Today we’re answering the question, what is a good price to book ratio? This is near impossible to have a one-size-fits-all approach. However, for me personally, I use the following guidelines.
For a growth stock, I look for a price to book below 7
For a value stock, I look for a price to book below 3
The above is not to say that a price to book higher is necessarily bad. But it alerts to me that I need to really dig in and understand why.
Let’s break this down.
What is a Price to Book Ratio
A price to book ratio, or PB, is equal to the following:
PB = Share Price / Book Value of Equity Per Share; or
PB = Market Capitalization / Book Value of Equity.
where:
Book Value of Equity = Total Assets minus Total Liabilities.
What it tells you is how much of a premium a share trades at to the actual book value of what common stockholders own.
Put another way – a company has $1m in assets and $500k in liabilities. Therefore, there is $500k in equity. Presumably, if the company was liquidated and everything was liquidated at book value, shareholders would receive $500k pro-rata.
Interpreting a Price to Book Ratio
When interpreting a price to book ratio, you need quite a bit of context.
You may be thinking, why would you ever purchase a company above its book value? The answer is two-fold.
First, you are ignoring future growth. In the above example, $500k in equity in a company that grows at 2% a year is quite different from a company growing at 20% per year. This is why growth stocks tend to trade at higher PB ratios.
Second, there can be significant accounting differences between company that over-inflate, or under-inflate, the book value of equity. The biggest example is around goodwill/acquired intangible property on the balance sheet, versus internally developed intangible property that is not accounted for as an asset.
In the latter case, shareholder equity may be inflated when comparing to a company that developed everything internally. Remember, all else equal, more assets equals more equity.
All in all – you need to do more due diligence than just read a price to book ratio. You must understand WHY a price to book ratio is what it is versus its competitors.
What is a Good Price to Book Ratio?
You can probably tell by now that, all else equal, a lower price to book ratio is better than a higher price to book ratio. But, like I said, we need context.
Because of that, I’ve broken down my ideal price to book ratios for growth stocks and value stocks.
Growth Stocks
For a growth stock, I look for a price to book below 7. Why is that?
As of writing this post, QQQ, which tracks the NASDAQ, trades at a price to book ratio of around 7. The NASDAQ is heavily concentrated with growth stocks and gives us some insight into how broader growth stocks trade.
Therefore, if a company is trading above QQQ’s price to book ratio, I need to understand why. It could mean that it is overvalued, or there could be another reason.
Value Stocks
For a value stock, I look for a price to book below 3.

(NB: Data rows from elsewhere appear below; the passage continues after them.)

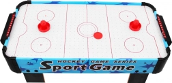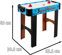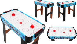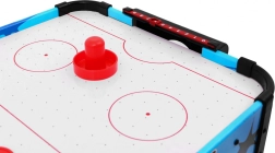 Disfruta de una diversión dinámica con este air hockey de mesa compacto. La superficie de juego con orificios y el flujo de aire crean un colchón sobre el que el disco se desliza suavemente sin fricción. Dos jugadores se enfrentan y, con la ayuda de las palas ("strikers"), intentan marcar en la portería del rival.
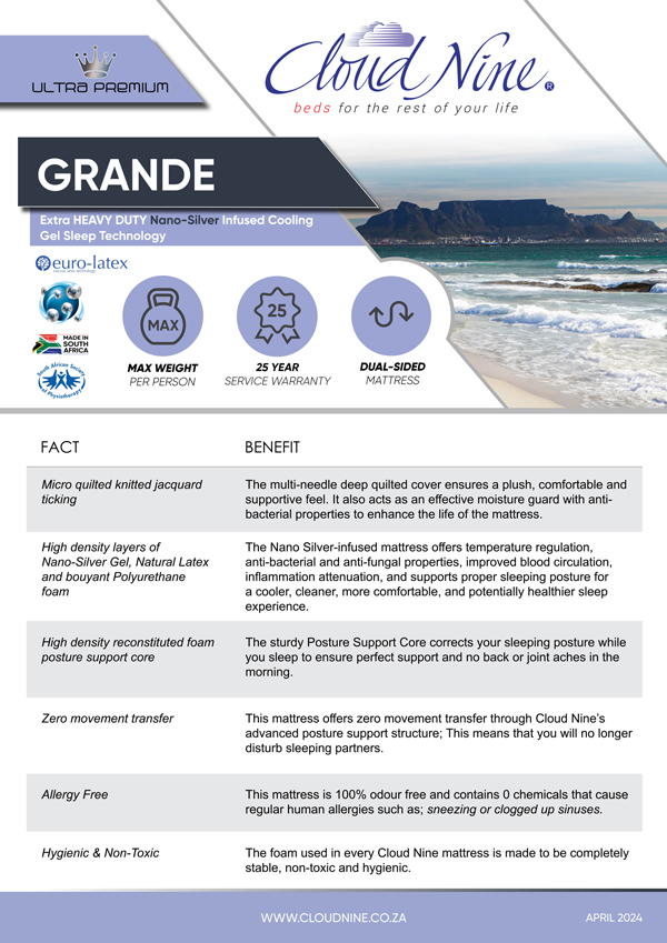 • Luxurious high-density layers of Nano-Silver Gel, Natural Latex, and buoyant Polyurethane foam provide comfort and support.
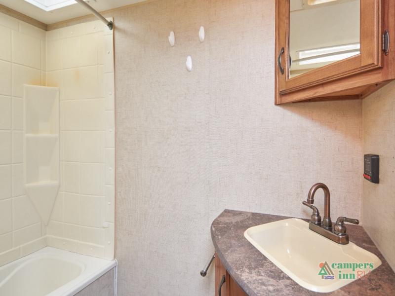Bathroom & Bunks: At the rear, you'll find a full bathroom with a tub, toilet, and sink. Adjacent to the bath is a set of double-size bunk beds—ideal for kids or guests.
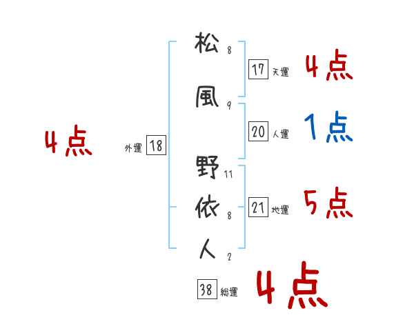 天運![]() | 松風野依人さんの天運は17画の4つ星!積極的な行動力。地位を気づき財産を手に入れる。純粋な心と直感力。 家系が持つ宿命的な運勢を表します。祖先から受け継いだ苗字ですので自分の力が及びません。家柄を象徴します。 |
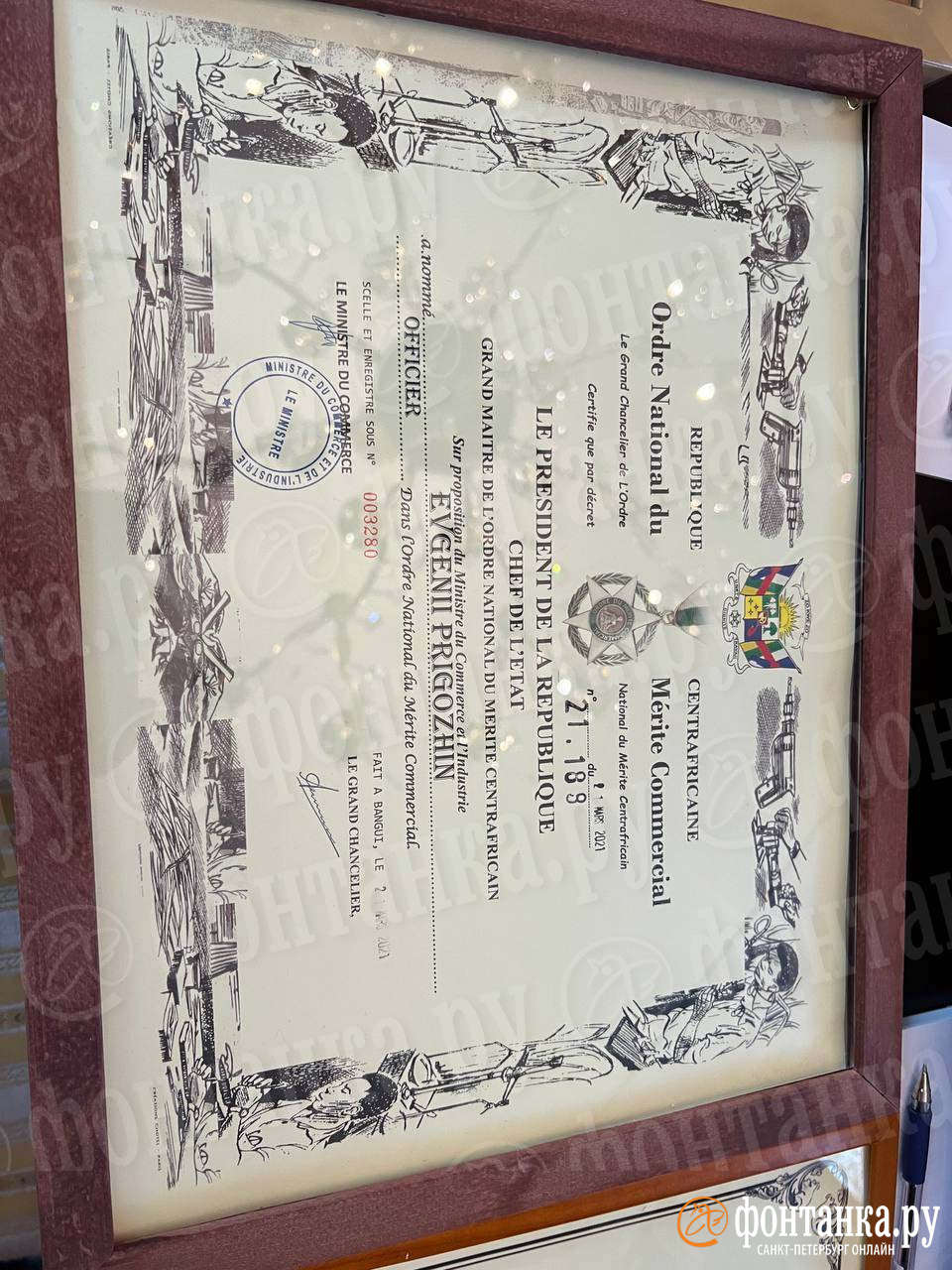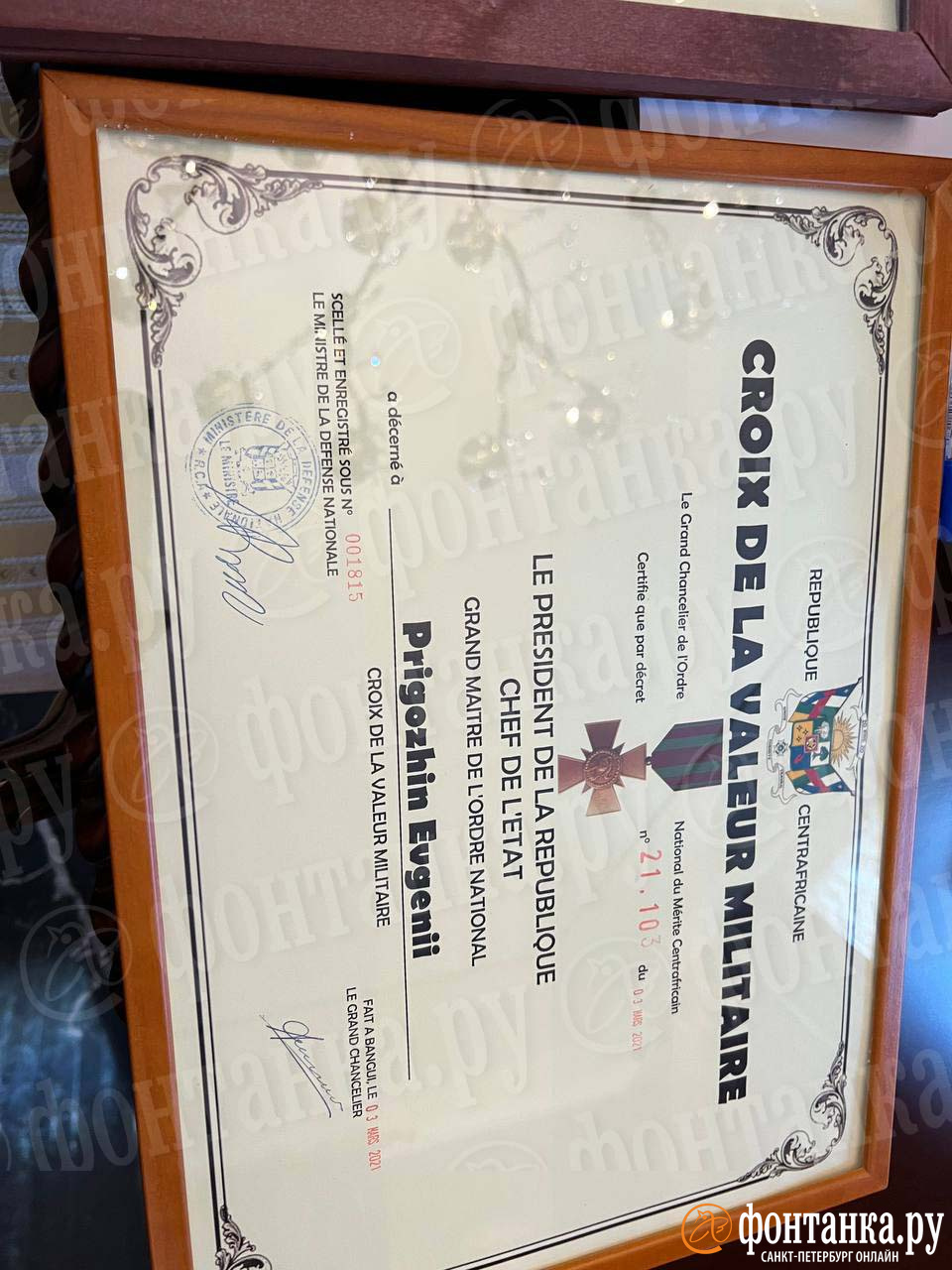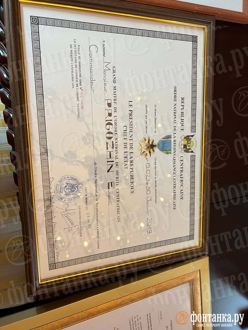 Нижний ряд состоит из иностранных наград. Из узнаваемых — крест «Воинской доблести» от Центральной африканской республики, был вручен Пригожину в марте 2021 года. И похоже, что центральноафриканская же звезда «За военные заслуги».

Value stocks, conversely, tend to trade at lower price to book ratios. These stocks generally are lower growth stocks, but make up for it with strong profits and cash flow.
In other words, you are investing more for TODAY’s earnings, rather than tomorrow’s potential earnings.
As of writing this article, most value indexes of large cap stocks trade somewhere between a 2-3 price to book. Therefore, if a company is trading higher than that, I want to dig into it and understand why.
Bottom Line
So there you have it! A price to book ratio is a tricky metric and needs a lot of context. But if you can dig through the muck and understand what’s going on, you can glean some great insight.
To summarize then, here’s what I’m broadly looking for in terms of what is a good price to book ratio.
For a growth stock, I look for a price to book below 7
For a value stock, I look for a price to book below 3
DISCLAIMER – THIS ARTICLE IS NOT FINANCIAL ADVICE. THIS ARTICLE DOES NOT CONSTITUTE A BUY, SELL, OR HOLD RECOMMENDATION ON ANY SECURITY MENTIONED HERE. THIS ARTICLE CONSTITUTES MY OPINION AND NOT A STATEMENT OF FACT. ALL INFORMATION REGARDING THE FINANCIAL SECURITIES MENTIONED IS ACCURATE AS OF JANUARY 23, 2024. DO YOUR OWN RESEARCH.